Não há ciclovias na cidade e não se alugam bicicletas. Há um projeto em estudo que visa disponibilizar o aluguel de bicicletas no centro da cidade. Mas andar de bike no centro, atualmente, é perigoso.

7) Petrópolis é uma cidade cara?
Sim. Muita gente me critica quando eu falo isso para os turistas, mas é a verdade. Aqui nada é muito barato não. Se puder, evite usar taxi para trechos longos. É caro!

8) Onde ficar, centro ou Itaipava?
Depende. Se você quer somente conhecer o centro histórico, visitar o Museu Imperial, a Bohemia e fazer compras na Rua Teresa, fique no centro. Fizemos um artigo sobre alguns hotéis que conhecemos no centro de Petrópolis. Estamos devendo outro artigo sobre o assunto mas aqui tem algumas outras opções de hotéis no centro e você pode reservar online.
Quem quer descanso, romantismo e muito verde, a melhor opção é Itaipava. Veja algumas opções de pousadas em Itaipava, também pelo Booking.com

9) É mesmo barato comprar na Rua Teresa?
A Rua Teresa é um polo de moda com lojas por seus quase 2km de extensão. Há de tudo.
Antigamente a rua era famosa por seus preços muito baixos, o que atraia sacoleiros de todo o país, mas a variedade não era tão grande como hoje. Atualmente você encontra de tudo na Rua Teresa: roupas caras, medianas e baratas. A diferença entre fazer boas compras ou não, é procurar. Minha dica é: não compre as primeiras coisas interessantes que você achar. Ande um pouco e verá que os preços variam. Suba a rua por um lado e desça pelo outro (sempre de olho no lado oposto). As lojas mais próximas do centro costumam ser também mais sofisticadas e mais caras. Em geral, você encontra muita coisa bacana e barata na rua, mas há também lojas que não oferecem vantagem nenhuma no que diz respeito a preços. Vale a pena? Sim. A variedade é grande e, para quem gosta de comprar, a diversão é garantida.

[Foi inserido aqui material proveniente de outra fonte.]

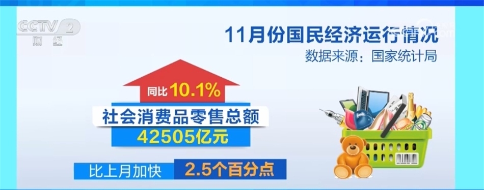 從消費看,出行類的商品銷售改善,服務消費潛力繼續(xù)釋放,市場銷售增勢良好。11月份社會消費品零售總額同比增長10.1%,比上月加快2.5個百分點,其中限額以上單位汽車類商品零售額增長14.7%,帶動作用明顯。
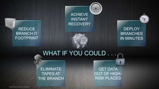 The document introduces SteelFusion, a branch converged infrastructure solution by Riverbed, highlighting its ability to reduce IT footprint, improve data centralization, and enable instant recovery. It outlines key features, including a pre-integrated platform that optimizes performance and consolidates various IT functions. Additionally, the document emphasizes significant improvements in recovery time and total cost of ownership (TCO) through SteelFusion's innovative technologies.
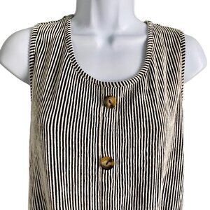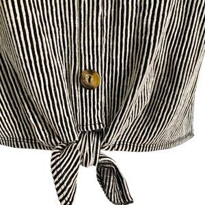 Ava James Black White Striped Sleeveless Top Front Tie Faux Buttons Medium NEW
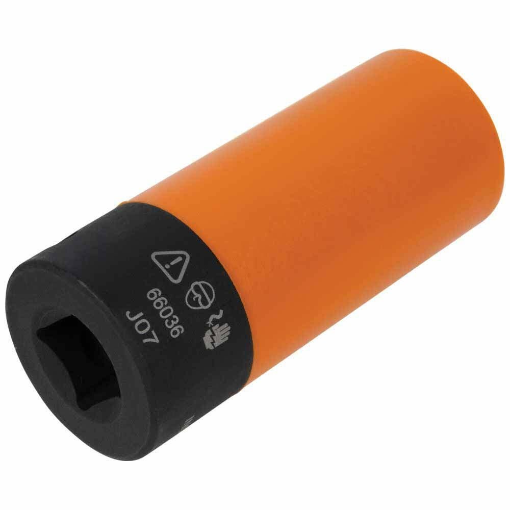 Klein's 6-Piece Coated Socket Set consisting of the commonly used impact socket sizes for utility and construction work. Sockets are 20-Percent lighter than the traditional impact socket set (Cat. No. 66010). The high-torque, 12-Point design is easier to position on fasteners including square ones. The high visibility color coded plastic helps identify the right size socket for the job.

Parte da rua Teresa com suas mais de 1.000 lojas

Parte da rua Teresa com suas mais de 1.000 lojas


10) Como chegar?
Não há aeroporto em Petrópolis. Os mais próximos estão no Rio de Janeiro e em Juiz de Fora. Ambas as cidades oferecem ônibus regulares para a rodoviária de Petrópolis. Quem não gosta de andar de ônibus pode alugar um carro nos aeroportos e subir a serra. Nesse caso é importante verificar se o seu hotel oferece estacionamento pois os que são pagos, são caros. Além de Juiz de Fora e Rio de Janeiro, é possível chegar na cidade partindo direto de várias outras cidades como, por exemplo, São Paulo. A rodoviária de Petrópolis fica em uma das entradas da cidade e você terá que pegar um ônibus ou taxi para chegar no centro. Vindo sentido Rio de Janeiro, planeje-se pois, tanto para vir quanto para voltar, há horários de muito trânsito na subida/descida da serra. Geralmente os horários de ida e volta do trabalho são críticos.